One of the greatest pleasures when I was an adolescent growing up in rural upstate New York was listening to the radio. Not so much during the day; we lived in the foothills of the Berkshires and there were only a few stations we got in clearly enough, and most of them were country music (made up of the likes then of Charlie Rich, Glen Campbell, Anne Murray, and the Oak Ridge Boys, although my folks listened often enough that I was aware of Jerry Reed and Charlie Pride and Hoyt Axton) or bubblegum and disco (although one of my favorite songs is disco) or easy listening (nope, there's nothing I fondly remember of that. Except that my dad would hum and whistle along to the songs while driving).
But at night I could pull in stations from far, far away on my little clock radio. At first I had one that was only AM but I managed late at night--after 10, when the local stations had signed off--to catch WNBC (where I first heard the non-"Angie" Rolling Stones and Al Green) and WKBW (whose edited-in station ID--"KB15, music machine"--I can still hear listening to some of that era's songs) and WLS all the way in Chicago (where I first heard Sweet's "Ballroom Blitz" and David Bowie). But then I saved my money after working the neighbor's farm for a summer and bought an AM/FM one whose dial stayed on frequency more reliably. I could receive more stations but I'm shame-faced to admit I listened most often to WRVE "Rock 99," a contemporary hits station that played commercial-free all night long. While it had more than its share of bubblegum--Sean Cassidy and The Pointer Sisters and Richard Harris (!)--between them I could reliably hear Led Zeppelin and Bowie and Stevie Wonder and my beloved Al Green.

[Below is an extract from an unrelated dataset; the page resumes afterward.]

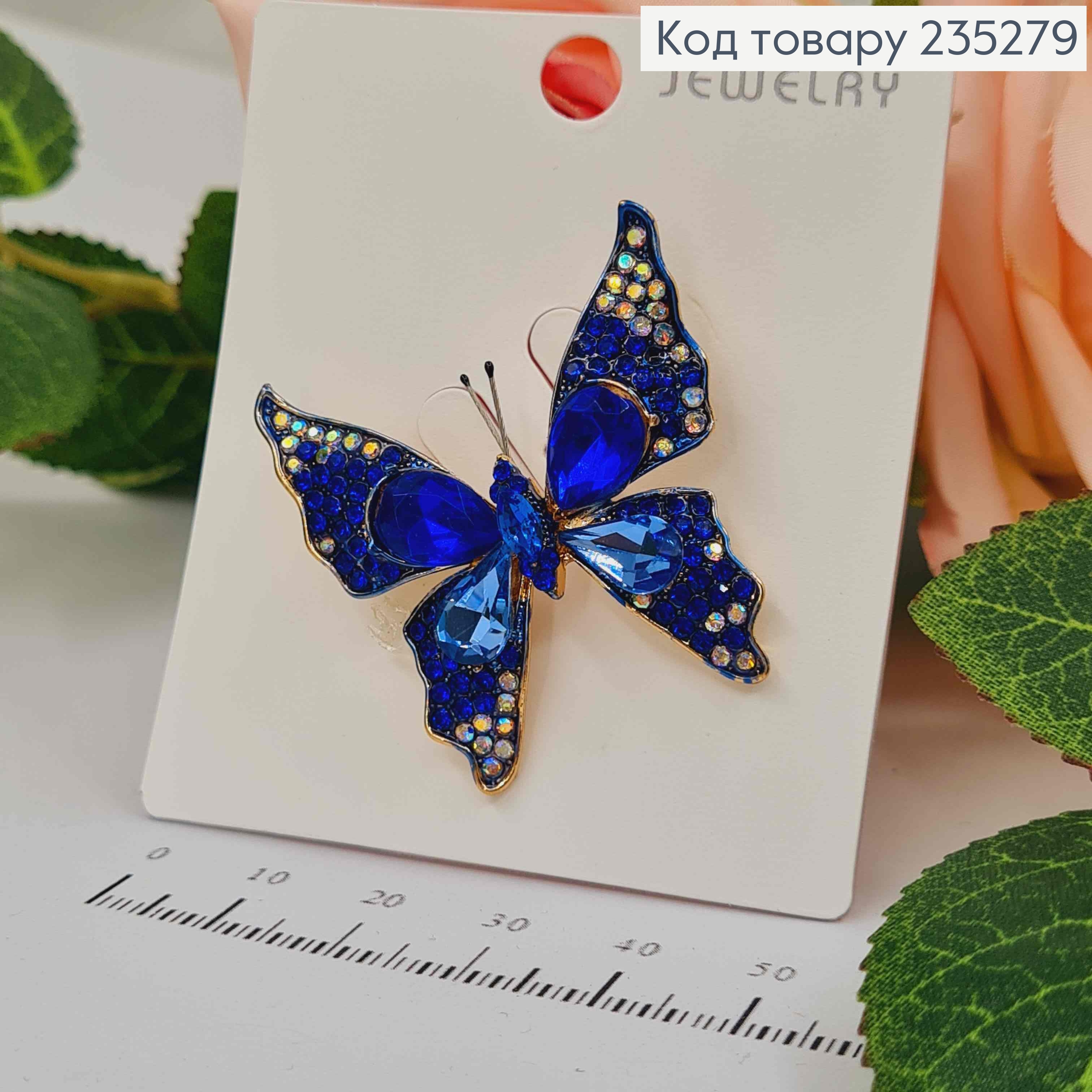 Брошь Бабочка с камешками СИНЕГО цвета 4*4см

When I first saw this Ramone's video I identified with the lines "do you remember lying in bed, with the covers pulled up over your head, radio playing so no one can see?" That was exactly how I experienced rock and roll radio. And while admittedly I listened to a lot of crap during that period--how could one avoid it?--I also heard enough to buy Devo's Are We Not Men? and John Lennon's Rock n Roll and Bowie's Diamond Dogs and David Live and Roxy Music's For Your Pleasure and Marvin Gaye's What's Going On? and nearly everything ever recorded by Lou Reed and the Velvet Underground.
If it sounds as if I'm declaring my bona fides, I suppose that I am. I'll own it--I am part of the reason rock and roll sucked the big moose (a local high school phrase) in the mid and late 70s. But I was also among the first in line when Rock N Roll High School opened at Allston Cinema.